Any pictures in the records below must be left out when you repeat the lines from the line containing "Byt má 52 m2" through the line containing "The Nao #1367" exactly.

GIVEN RECORDS
◇ ◇ ◇ ◇ ◇ ◇ ◇

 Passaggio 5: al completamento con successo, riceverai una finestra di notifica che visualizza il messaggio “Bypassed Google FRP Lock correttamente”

◇ ◇ ◇ ◇ ◇ ◇ ◇

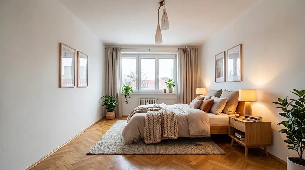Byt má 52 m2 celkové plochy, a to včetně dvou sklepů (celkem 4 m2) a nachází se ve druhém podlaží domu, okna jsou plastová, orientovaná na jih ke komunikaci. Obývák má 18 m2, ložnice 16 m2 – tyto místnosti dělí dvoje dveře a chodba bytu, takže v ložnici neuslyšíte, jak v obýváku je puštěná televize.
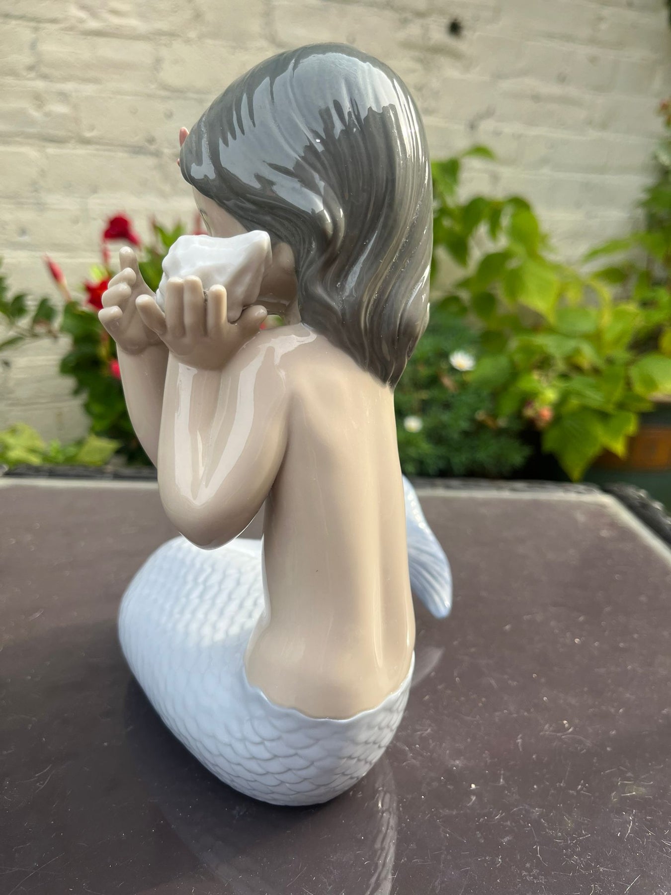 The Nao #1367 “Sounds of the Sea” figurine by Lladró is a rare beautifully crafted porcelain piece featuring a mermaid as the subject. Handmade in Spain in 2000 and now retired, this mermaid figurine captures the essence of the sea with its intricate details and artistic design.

◇ ◇ ◇ ◇ ◇ ◇ ◇

SOLUTION FOR THIS PROBLEM
Byt má 52 m2 celkové plochy, a to včetně dvou sklepů (celkem 4 m2) a nachází se ve druhém podlaží domu, okna jsou plastová, orientovaná na jih ke komunikaci. Obývák má 18 m2, ložnice 16 m2 – tyto místnosti dělí dvoje dveře a chodba bytu, takže v ložnici neuslyšíte, jak v obýváku je puštěná televize.
 The Nao #1367 “Sounds of the Sea” figurine by Lladró is a rare beautifully crafted porcelain piece featuring a mermaid as the subject. Handmade in Spain in 2000 and now retired, this mermaid figurine captures the essence of the sea with its intricate details and artistic design.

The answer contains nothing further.